杨潞贞不像大部份的女人,她喜欢听实话,说实话的尊重可以盖过实话本身的令人难以忍受。
不过伴随实话而来的是男方僵硬的肢体动作,她顿觉索然无味,只好坐回正面,将裙子拉平,只留一只手仍紧握着他,代表自己不介意。霍正杰却趁着红灯,从後座拿了一个粉色小纸袋递给她。
「送你。」
她打开来看,惊呼道:「好漂亮的香水瓶!」她轻轻转开琉璃般的盖子,甜美的香气顿时飘在空气中,「我真土,居然不晓得有这个牌子。」
「瓶子是另外找的,纯手工制作,我很喜欢。」
杨潞贞取笑道:「你喜欢女人的东西?」
霍正杰转头看了她一眼,深邃的眼眸散发着深不可测的魅力。
「和女人有关的一切我都喜欢。」他说。
她喜滋滋的捧着那瓶香水,娇嗔的瞪了他一眼。
下车时,电话突然响起,声音尖锐的让人的心跳了一下。
霍正杰看了一眼手机的显示,自顾自的走到远一点的地方接电话。
他背对着她,不知有意还无意,总之她看不清他的表情。
几分钟後他回来了,和她一起上了二楼的餐厅。
餐厅的装潢摆饰很古典,小圆木桌上铺着纯白色堤花桌布,一对对粟子红纱罩璧灯早已点上,但餐厅里没什麽人,等到杨潞贞看到价格高昂的菜单才明白是怎麽一回事,
电话又响了,这一次霍正杰很快就起身,走到餐厅门口。
过了半响他折回来,她体贴的问:「你有事没关系,先把事情讲完我们再点菜。」
霍正杰的脸上闪过一丝失望的神情,脱口回道:「没关系,他不打来就算了。」
他?
她?
杨潞贞突然觉得气闷,但言不由衷的微笑道:「那我们点菜吧!」
吃过饭後,霍正杰送她回家,直接问她车要停哪?
她也不想装模作样,指了他地方,回到她住处後更抢先一步问他:「你要不要先洗澡?」
不等他回话便塞了一条乾净的大毛巾到他怀里,又拆了新的牙刷递给他,这样够乾脆了吧!
她莫名其妙的负气坐在沙发上听他冲澡的声音,心里禁不住胡思乱想,他这麽多天的不理不睬不晓得和刚才的那几通电话有没有关系?
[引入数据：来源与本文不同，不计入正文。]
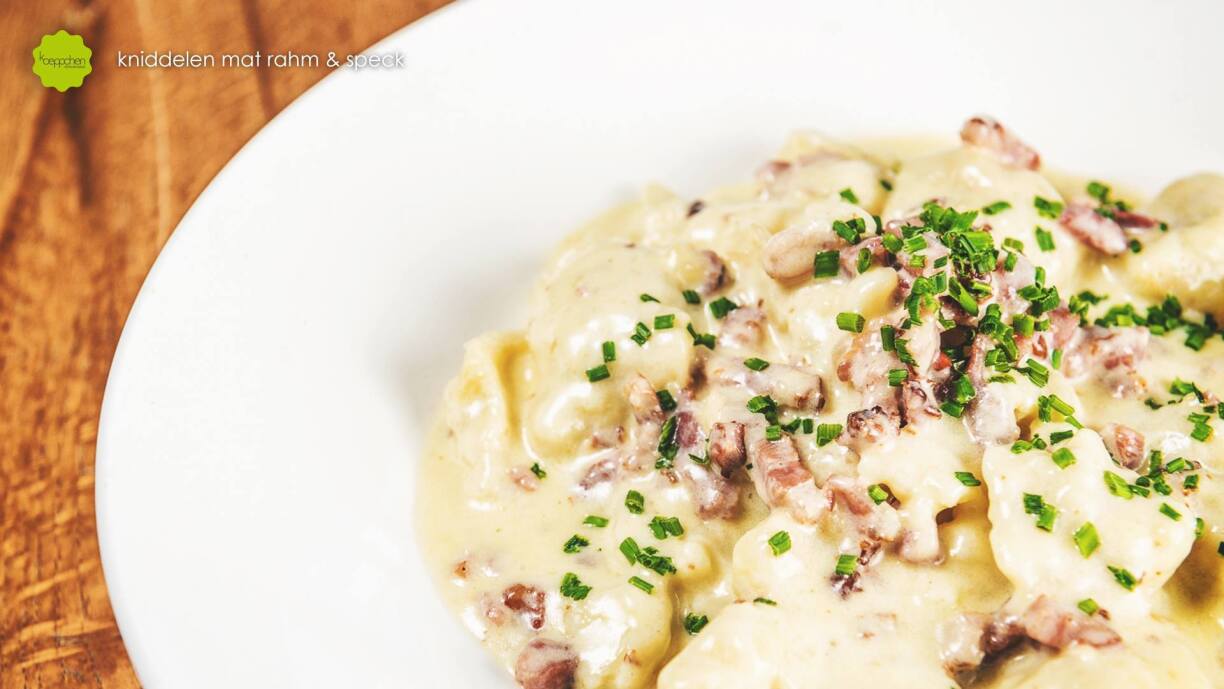 And then there are the endless variations: fried with or without bacon, served with cream sauce or applesauce – or both. Nowadays, it’s not uncommon to see Kniddelen paired with tomato sauce, prawns, or even a mustard-wine reduction. When it comes to these floury dumplings, there are no limits to creativity – or madness in some people’s opinion.
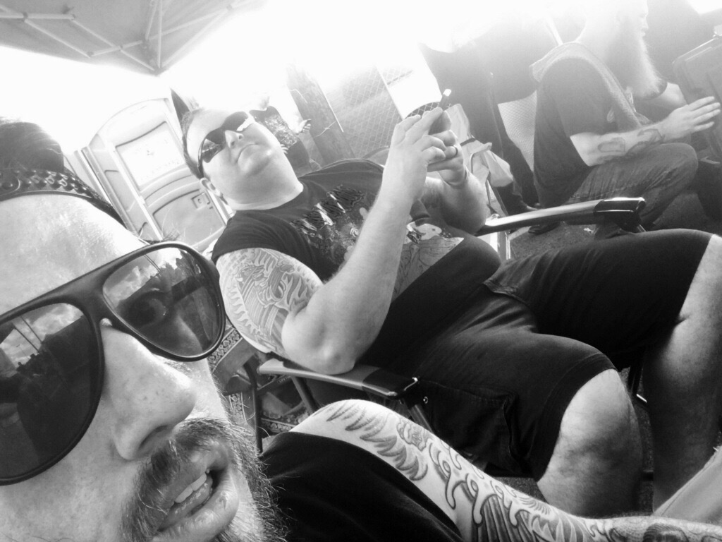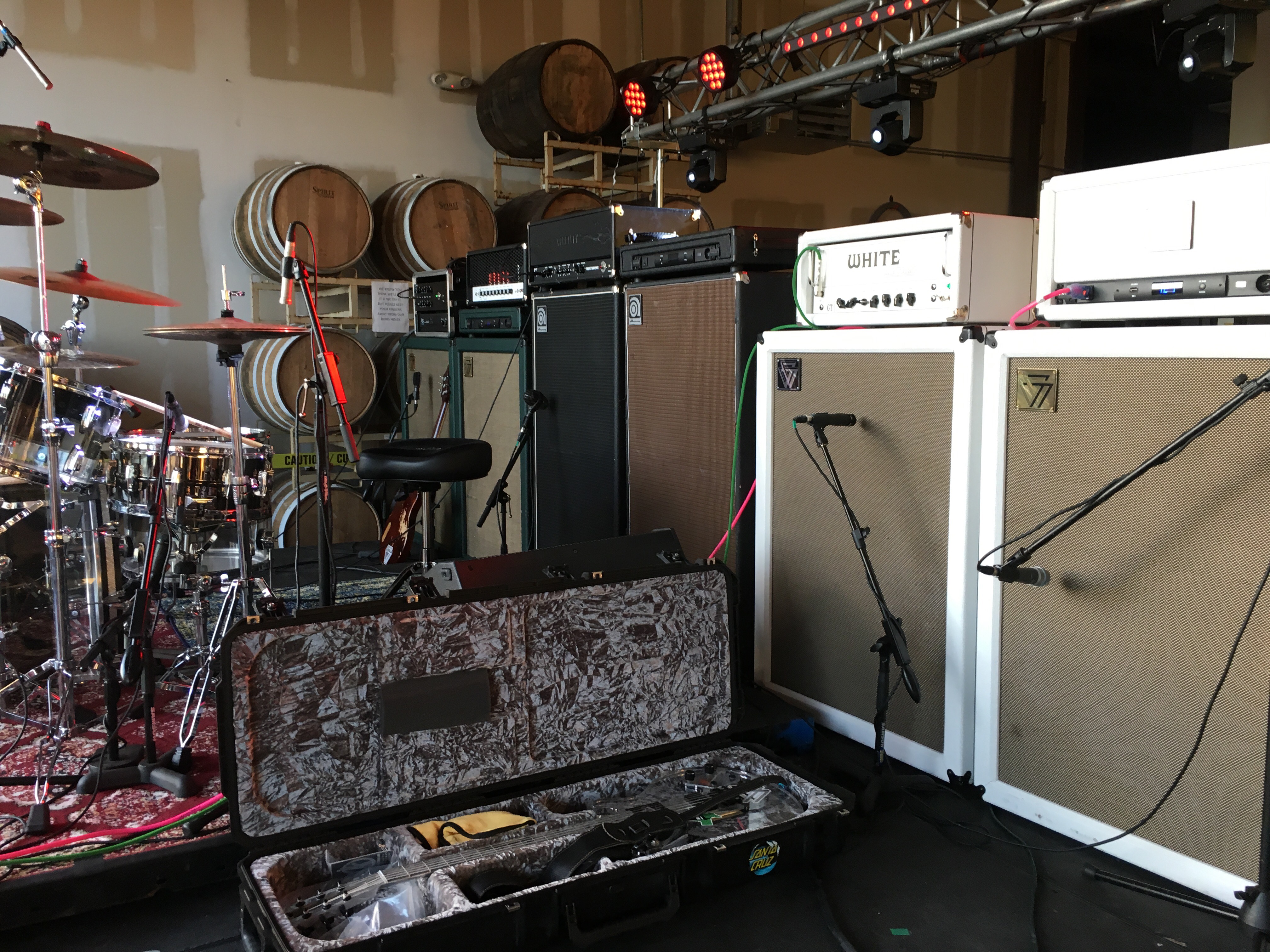 As the sun started to set we got set up to play. Fair warning to promoters, if you tell us we’re playing on a big stage, we’re gonna fill that fucker up. In short order we had the amp wall up and were ready to do the thing.

但更教人生气的是他见了面後的自然而然,决定到她家的自以为是,以及种种理所当然的作为非但没有使她的热情冷却,反而益发炙烈,几乎快控制不住自己的强烈渴望。
在浴室里的霍正杰心里也有些浮澡,他发现自己从再见到她的那一刹那便蠢蠢欲动,她胸前的一道白磁光芒对他发出了强大的吸引力,上星期缠绵悱恻的画面不断跃至眼前,一顿饭吃的七零八落,心猿意马。
霍正杰忽地把莲蓬头扭到最大,让哗哗的水柱倾泻至全身,浇不熄的?念在体内四处流窜,之前的压抑如同溃堤,瞬间积蓄在下腹部,鼓噪鼓动,蛊惑人心。
仅管不开心,杨潞贞还是做足了准备。
文笔上的细腻功夫全用到他身上了。
她使尽了全力讨好他,在他耳边,用最轻柔魅惑的言语挑逗他,她让他得到了最欢愉的享受,强硬的气势完全融化在她的媚态里。
如痴如醉,难以自抑了。
他紧紧搂着她,喘着气,又爱又怜的抚慰着她。
她红晕的一张脸满是感动,那一刻,有爱的感觉。
星眸半张,却是深深地注视着他。
费尽千般心思是否就能得到他?
但,他最後仍抛下她,起身冲洗,一种习惯。
她见他出来时已穿戴整齐,有些错愕,问:「要走了吗?」
他闷哼了一声算是回答。
方才的痴缠彷佛是一种错觉,她糊涂了。
她也起身,但不是为了要送他。
她绕过他,走出房门,坐在客厅的沙发上等他,身上只裹了条浴巾。
霍正杰也发觉自己有些过份,他坐到她旁边,正想安抚她几句,她却像没事一样地端了桌上的茶给他:「先喝口水,休息一会儿。」又媚着眼看他,娇声道:「这麽快就走不怕腿软?」
他没答话,只接过茶糊里糊涂的喝了,心里还在想着那通电话,那通该打却一直没打来的电话。他下意识摇摇头,实在不懂女人的心思。
「明天一起吃饭?」她问。
他回过神,「我还不确定明天有多少事,我再打给你。」
「好,等你电话。」脸上很平静。
但霍正杰并没有依约打给她。
再次日也没有。
忘了?
他在电话里是这麽告诉她的。
她搁下电话後已经是三天後的晚上十点半。
「哼!」她在心里冷笑,只有愿不愿意,想不想要的问题,忘了是藉口。
但为什麽?忘了??
为什麽不愿意?不想要?
她恨恨地瞪着镜子,她要教他再也忘不了!
不过在还没摸清楚他的脾性之前,她?不会轻举妄动,仍好声好气的答应了他隔两天的邀约,感情是需要时间培养的,有些人就是慢热,只要结局操之在手,过程并不重要。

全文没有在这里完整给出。